Stored items from a collection:
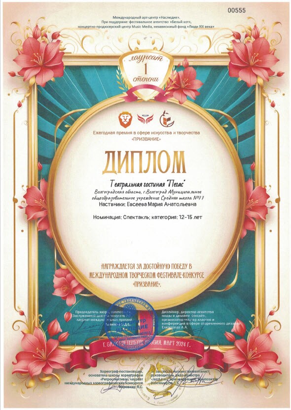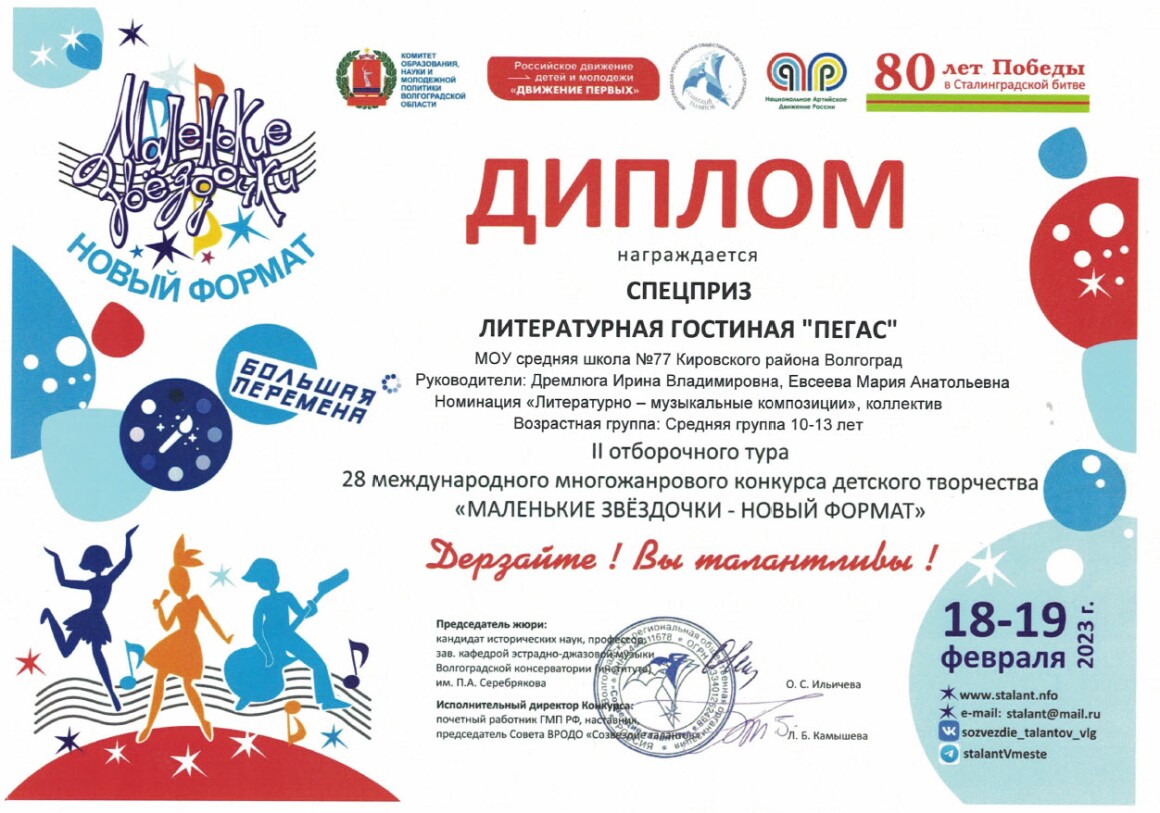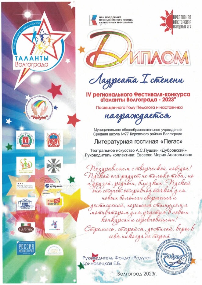 Литературная гостиная "Пегас" появилась в наше школе с 2023 года. Этот театральный кружок помогает детям лучше понимать самих себя и окружающий мир, развивать свои личностный качества и видеть собственный потенциал. Наши театральные занятия пробуждает у учащихся фантазию и воображение, учат сочувствие и сопереживанию. Здесь абсолютно каждый ученик может продемонстрировать свой талант, показать свои способности и воплотить самые дерзкие идеи. Атмосфера доверия, понимания, которая царит в нашей литературой гостиной, помогает очень тесно сотрудничать руководителю с учащимися нашей школы. Вместе мы учимся петь, танцевать, фантазировать, рисовать и играть на сцене.
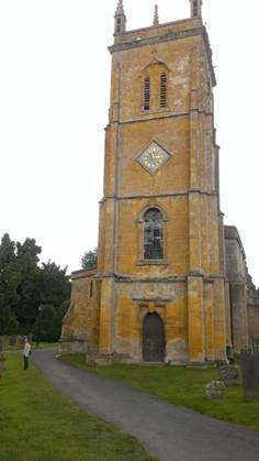 tower (above left) and Helen and Roger in the churchyard (above right)
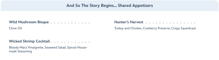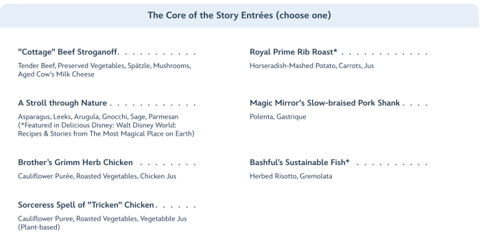 From there, the meal moves to the core of the story entrees (where you’ll choose one of the choices offered).
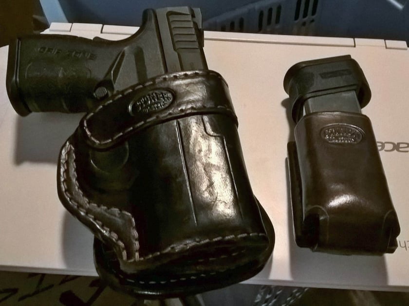 2. My everyday carry holster is a leather paddle holster from Stoner Holster. This holster provides the comfort and versatility to make everyday carry easy. I carry a leather magazine pouch, also from Stoner Holsters, with a spare 13 round magazine.
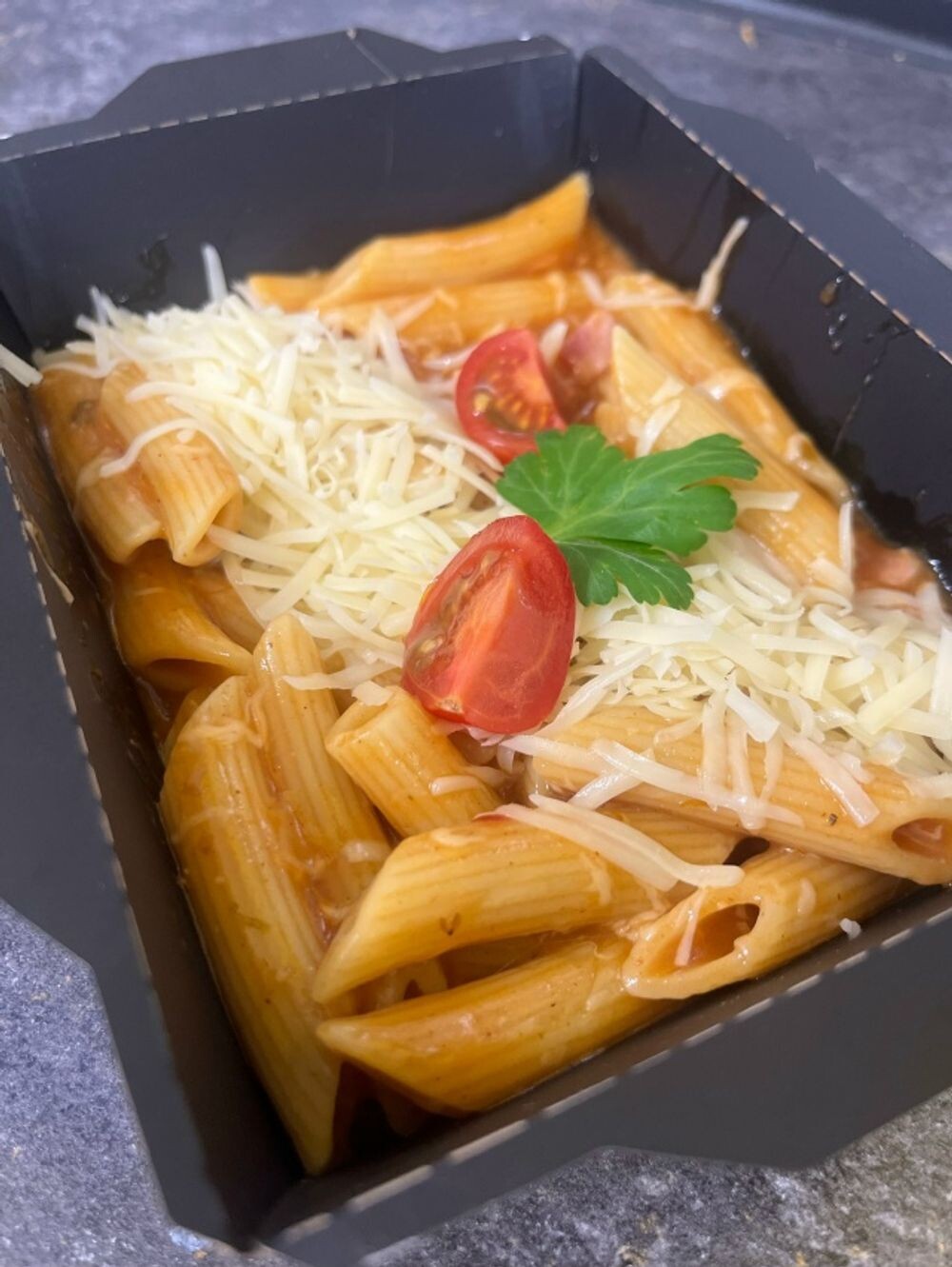 Пенне с ветчиной в томатном соусе с пармезаном

→ **PROBLEM TO SOLVE**:
The copy should hold every entry above word for word and none of the pictures.

→ **COMPLETED TASK**:
 Литературная гостиная "Пегас" появилась в наше школе с 2023 года. Этот театральный кружок помогает детям лучше понимать самих себя и окружающий мир, развивать свои личностный качества и видеть собственный потенциал. Наши театральные занятия пробуждает у учащихся фантазию и воображение, учат сочувствие и сопереживанию. Здесь абсолютно каждый ученик может продемонстрировать свой талант, показать свои способности и воплотить самые дерзкие идеи. Атмосфера доверия, понимания, которая царит в нашей литературой гостиной, помогает очень тесно сотрудничать руководителю с учащимися нашей школы. Вместе мы учимся петь, танцевать, фантазировать, рисовать и играть на сцене.
 tower (above left) and Helen and Roger in the churchyard (above right)
 From there, the meal moves to the core of the story entrees (where you’ll choose one of the choices offered).
 2. My everyday carry holster is a leather paddle holster from Stoner Holster. This holster provides the comfort and versatility to make everyday carry easy. I carry a leather magazine pouch, also from Stoner Holsters, with a spare 13 round magazine.
 Пенне с ветчиной в томатном соусе с пармезаном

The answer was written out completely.